II. Findings of Fact and Conclusions of Law
¶ 19. David also argues that the chancellor erred by failing to make proper findings of fact and conclusions of law on the record. Mississippi Rule of Civil Procedure 52(a) provides:
In all actions tried upon the facts without a jury the court may, and shall upon the request of any party to the suit or *1151when required by these rules, find the facts specially and state separately its conclusions of law thereon[,] and [a] judgment shall be entered accordingly.
¶ 20. During trial, before calling the first witness, David’s counsel requested that the chancellor announce his findings of fact and conclusions of law regarding his ruling. The chancellor determined that no material change in circumstances existed that would warrant a change in custody, but he did not state any specific factual findings on which his ruling was based or cite any law to support his determination.
¶ 21. In her brief, Rena argues that because the chancellor ruled that the July 8, 2009 custody decree was still in place, and David was only granted temporary physical custody while Rena was in rehab, the order was temporary, not final; and, the chancellor was not obligated to make findings of fact and conclusions or law regarding a temporary order. However, at the close of trial, the chancellor stated multiple times that his ruling was final. After discussing the nature of the ruling with Rena’s counsel, the chancellor told the parties they were free to appeal the order if they chose to do so.
¶ 22. It is true that if the chancellor makes no specific findings, we are to assume the chancellor resolved the issues in favor of the appellee.
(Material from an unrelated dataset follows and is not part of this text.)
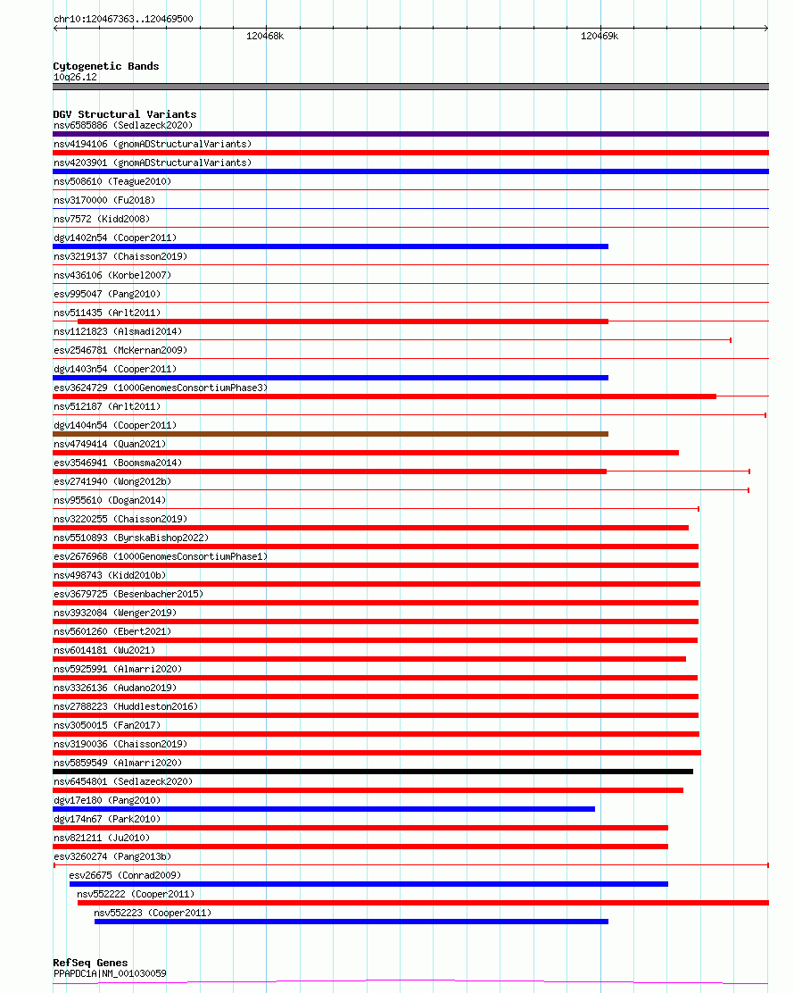 Variant DetailsVariant: esv3260274| Internal ID | 11279940 | | Landmark | | | Location Information | | | Cytoband | 10q26.12 | | Allele length | | Assembly | Allele length | | hg38 | 2138 | | hg19 | 2138 |

Marascalco v. Marascalco, 445 So.2d 1380, 1382 (Miss.1984). However, as discussed above, Rule 52(a) requires the chancellor to make specific factual findings and legal conclusions when requested by a party to the suit. Moreover, we find there exists a material change in circumstances adverse to the interest of the children that has occurred since the issuance of the custody decree, which warrants an Albright analysis with specific factual findings. Therefore, we reverse and remand for the chancellor to provide specific findings of fact and conclusions of law using an Albright analysis.
CONCLUSION
¶ 23. The chancellor erred in finding no material change in circumstances adverse to the health and well-being of the children, and by failing to make specific findings of fact and conclusions of law at the request of one of the parties. Finding error, we reverse and remand this case for further proceedings consistent with this opinion.
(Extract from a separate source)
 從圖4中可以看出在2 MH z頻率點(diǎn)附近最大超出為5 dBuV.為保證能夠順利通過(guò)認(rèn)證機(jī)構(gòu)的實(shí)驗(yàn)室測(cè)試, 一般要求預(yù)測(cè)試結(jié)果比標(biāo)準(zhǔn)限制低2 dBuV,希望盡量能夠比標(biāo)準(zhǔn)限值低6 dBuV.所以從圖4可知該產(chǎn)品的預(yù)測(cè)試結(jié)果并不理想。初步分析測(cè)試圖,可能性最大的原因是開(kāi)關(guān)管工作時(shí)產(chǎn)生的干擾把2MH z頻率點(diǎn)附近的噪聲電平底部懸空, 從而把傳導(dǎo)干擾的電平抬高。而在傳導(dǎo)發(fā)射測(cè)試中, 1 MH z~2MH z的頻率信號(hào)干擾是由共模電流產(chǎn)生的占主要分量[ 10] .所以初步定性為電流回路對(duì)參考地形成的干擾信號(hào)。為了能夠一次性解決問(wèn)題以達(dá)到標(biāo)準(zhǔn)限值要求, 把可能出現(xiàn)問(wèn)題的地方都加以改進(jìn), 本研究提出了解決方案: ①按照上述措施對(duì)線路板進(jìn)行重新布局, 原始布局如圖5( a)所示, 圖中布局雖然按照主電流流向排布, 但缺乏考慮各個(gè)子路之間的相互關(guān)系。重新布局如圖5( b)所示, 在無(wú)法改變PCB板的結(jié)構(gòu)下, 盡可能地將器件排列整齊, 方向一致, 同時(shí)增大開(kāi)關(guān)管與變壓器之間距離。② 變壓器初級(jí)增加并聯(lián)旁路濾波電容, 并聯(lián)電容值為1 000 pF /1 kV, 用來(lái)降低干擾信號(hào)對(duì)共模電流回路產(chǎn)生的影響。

¶ 24. THE JUDGMENT OF THE CHANCERY COURT OF LAWRENCE COUNTY IS REVERSED, AND THIS CASE IS REMANDED FOR FURTHER PROCEEDINGS CONSISTENT WITH THIS OPINION. ALL COSTS OF THIS APPEAL ARE ASSESSED TO THE AP-PELLEE.
LEE, C.J., IRVING AND GRIFFIS, P.JJ., BARNES, ISHEE, ROBERTS AND MAXWELL, JJ., CONCUR. CARLTON, J., CONCURS IN RESULT ONLY WITHOUT SEPARATE WRITTEN OPINION. FAIR, J., DISSENTS WITHOUT SEPARATE WRITTEN OPINION.. Rena tested positive on three separate occasions during the divorce proceedings.
. The record is silent regarding whether Rena’s enrollment in the rehabilitation program was voluntary or at the direction of her probation officer.
.David did note cite the chancellor's failure to recuse as error on appeal, and therefore it is not addressed in this opinion.
. The record is silent regarding when Rena lost her job. However, the record does show that Rena was unemployed at the time of trial.